Maintenance API¶
earthcatalog.maintenance.compact
¶
Standalone compaction for the earthcatalog warehouse.
Purpose¶
The incremental pipeline (earthcatalog.pipelines.incremental.run) writes
one new part file per (cell, year) bucket per run. After N incremental
runs a bucket can have N part files, each potentially containing duplicate
id rows if the same STAC item appeared in more than one inventory delta.
This tool:
- Scans the warehouse directory for all Parquet files, grouped by
(grid_partition, year)bucket. - For every bucket with ≥ threshold part files: merges them into one
consolidated, deduplicated, sorted file (reusing
:func:
~earthcatalog.maintenance.compact._compact_group_impl). - Rebuilds the Iceberg catalog from all files currently in the warehouse (a "repair table" operation) so stale and new paths are resolved in one clean snapshot.

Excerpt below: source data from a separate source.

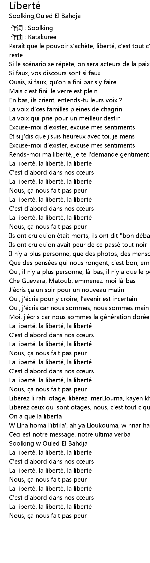 | [00:21.16] | Para t que le pouvoir s' achè te, liberté, c' est tout c' qui nous reste |
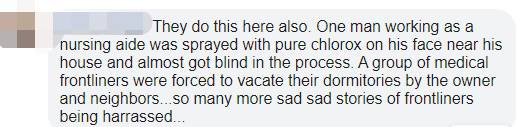 “还有很多这样的事情,医护人员脸上被喷消毒液,差点失明。一群一线医护被业主和邻居赶出宿舍...”
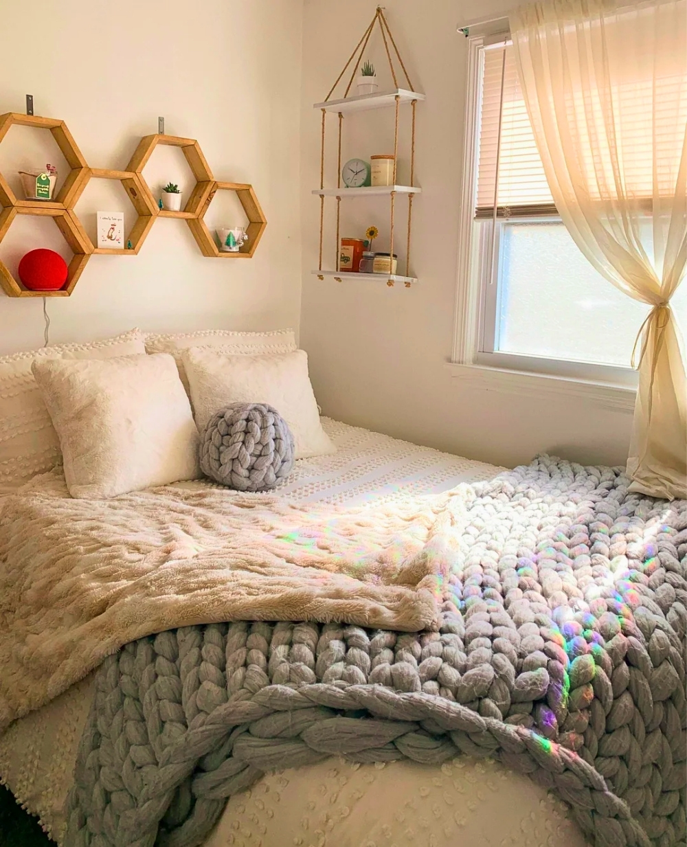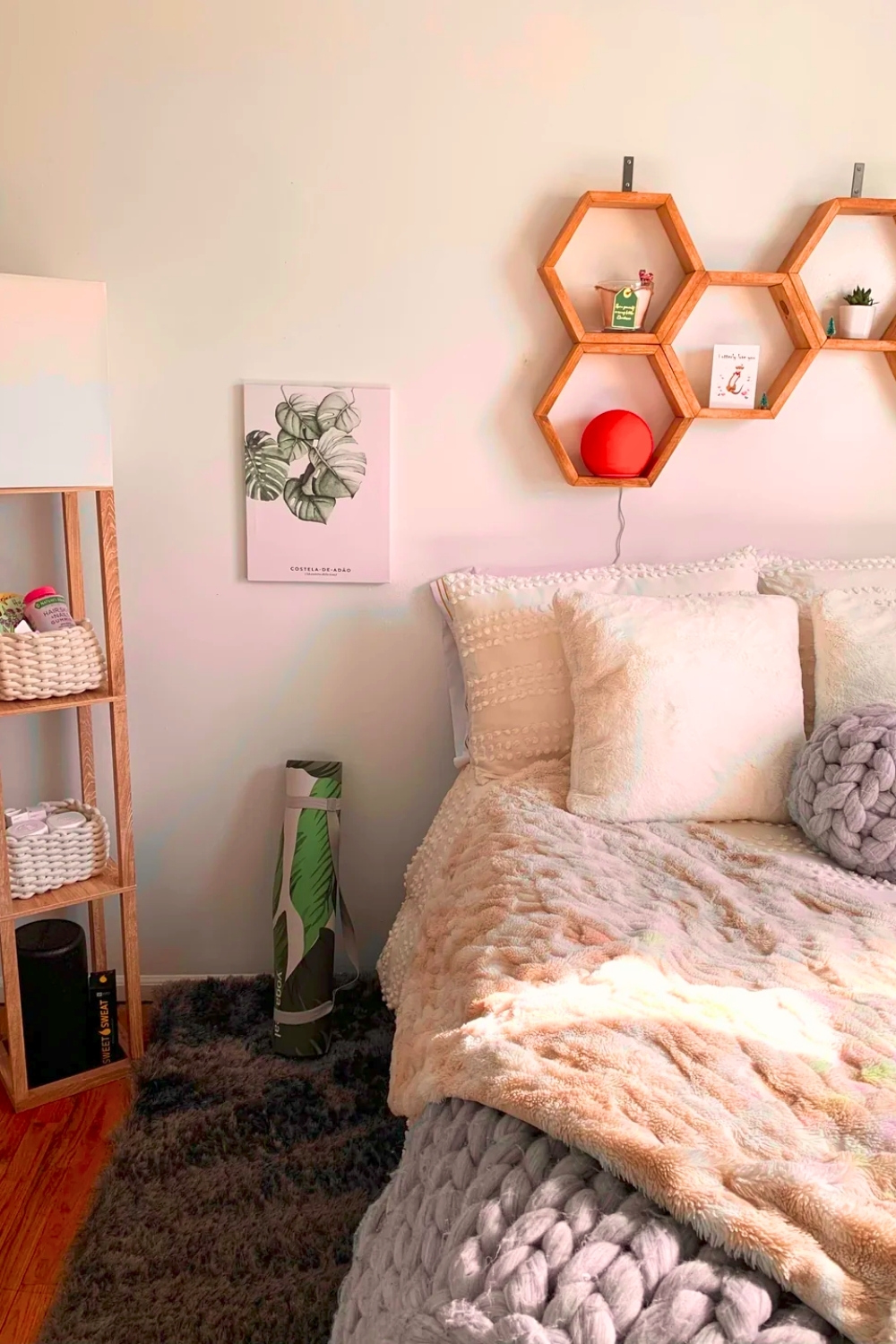 The honeycomb shelves and little decorative touches add personality without crowding the room, which is such a smart move in a small condo or apartment. It feels like a cozy, budget-friendly retreat for a young renter or student.

since= / delta ingestion note¶
For now the incremental pipeline scans the full S3 Inventory file and
filters rows client-side by last_modified_date >= since. This is
correct and memory-efficient (streaming by row-group batch) but the I/O
cost scales with the total inventory size, not the delta size.

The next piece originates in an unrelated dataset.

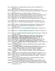 Lara, S. (2006, Mayo 13). "Culpan ejidos de escasez a obra de 'Las Malvinas'". El Imparcial , p. 1B. Lara, S. (2005, Abril 8). "Demandan a ejidatarios por obra". El Imparcial , p. 4A. Lara, S. (2005, Octubre 26). "Descartan a corto plazo obra de desalinizadora". El Imparcial , p. 1A. Lara, S. (2005, Septiembre 30). "En estudio el tandeo". El Imparcial , p. 1A. Lara, S. (2005, Enero 31). "Endurecen postura ejidatarios". Periódico El Imparcial , p. 2A. Lara, S. (2005, Octubre 24). "Es desalinizadora opción de abasto". El Imparcial , p. 1A. Lara, S. (2006, Mayo 16). "Está Aguahh abierta al diálogo". El Imparcial , p. 6B. Lara, S. (2005, Marzo 18). "Hay fuentes de abasto que garantizan servicio". El Imparcial , p. 2A. Lara, S. (2005, Mayo 5). "Mantendrán lucha contra acueducto". El Imparcial , p. 2A. Lara, S. (2005, enero 18). "Pelean por agua hermosillenses". Periódico El Imparcial , p. 1A. Lara, S. (2006, 14 Mayo). "Preocupa reclamo por falta de agua". El Imparcial , p. 3B. Lara, S. (2006, Mayo 18). "Prevém resolver en Los Bagotes en nivel de Flúor". El Imparcial , p. 1B. Lara, S. (2005, Septiembre 18). "Prevén posibilidad de ampliar tandeo". El Imparcial , p. 5A. Lara, S. (2005, Enero 2). "Propone Aguahh obra a ejidatarios". Periódico El Imparcial , p. 1A. Lara, S. (26 de enero de 2005). "Rechazan ejidataarios negociar uso del agua". Periódico El Imparcial , pág. 5A. Lara, S. (2005, Mayo 5). "Reclaman ejidatarios trato diferente". Chávez Mada , p. 1A. Lara, S. (2005, Enero 23). "Requiere ciudad acueducto". Periódico El Imparcial . Lara, S. (2006, Mayo 13). "Resurge protesta". El Imparcial , p. 1B. Lara, S. (2005, enero 18). "Temen quedarse sin agua". Periódico El Imparcial , p. 8A. Lara, S. (enero de 2005). "Vigilan que no continue la obra". Periódico El Imparcial . Lara, S., & Arredondo, L. (2005, Marzo 18). "Descarta 'reversazo' en el tandeo de agua". El Imparcial , p. 2A. Laraña, E., & Gusfield, J. (2001). "Los nuevos movimientos sociales". España: Graficas Areas Montaño S.A. Laraña, E., & Gusfield, J. (2001). Los Nuevos Movimientos Sociales. De la ideología a la identidad. Madrid: Academia. Centro de Investigaciones Sociólogicas. Leñero, V., & Marín, C. (1999). "Manual de Periodismo". México: Grijalbo . Lewicki, S., & Minton, J. (1999). Negotiation. Singapure: McGraw-Hill Internarional Editions. López, A. (2005, Mayo 20). "Piden ejidatarios ayuda al Presidente". El Imparcial , p. 2A. López, A. (2005, Marzo 27). "Se acabó el agua iniciará el tandeo". El Imparcial , p. 1A. Luis, L. S. (2005, enero 20). "Rechazan negociar ejidatarios con aguahh" . Periódico El Imparcial , p. 2A. Maharishi, M. Y. (1976). Creating an ideal society: A Global undertaking. Germany: Maharishi European Research University Press. Maharishi, M. Y. (1978). Enlightenmente to every individual and invincibility to every nation Rheinweiler. Germany: Mahasishi European Research University Press. Manjarrez, A., & Corral, N. (2005, Marzo 15). "Afectará tandeo a las empresas". Periódico El Imparcial , p. 2A.

When you set up an Athena cron job to emit a pre-filtered delta Parquet,
you simply pass that smaller file as --inventory and omit --since;
no pipeline changes are needed.
Usage¶
As a module::
from earthcatalog.maintenance.compact import compact_warehouse
compact_warehouse(
warehouse_path="/tmp/earthcatalog_warehouse",
catalog_path="/tmp/earthcatalog.db",
threshold=2,
)
As a CLI::
python -m earthcatalog.maintenance.compact \
--warehouse /tmp/earthcatalog_warehouse \
--catalog /tmp/earthcatalog.db \
[--threshold 2]
# With S3 lock (recommended for production):
python -m earthcatalog.maintenance.compact \
--warehouse s3://my-bucket/warehouse \
--catalog /tmp/earthcatalog.db \
--use-lock
Classes¶
Functions¶
compact_warehouse(warehouse_path, catalog_path, threshold=2, use_lock=False, dry_run=False)
¶
Compact all over-threshold buckets in warehouse_path and rebuild the Iceberg catalog.
Parameters¶
warehouse_path:
Local path to the warehouse root (e.g. /tmp/earthcatalog_warehouse).
Must be a local directory — S3 warehouse support is planned.
catalog_path:
Local path to the SQLite catalog file (e.g. /tmp/earthcatalog.db).
threshold:
Minimum number of part files in a bucket before it is compacted.
Default: 2 (compact any bucket with more than one part file).
use_lock:
When True, wrap the entire operation in an
:class:~earthcatalog.lock.S3Lock. Requires the lock store to
be configured in :mod:earthcatalog.store_config.
dry_run:
When True, report what would be compacted but make no changes.
Returns¶
A summary dict::
{
"buckets_scanned": int,
"buckets_compacted": int,
"files_before": int,
"files_after": int,
}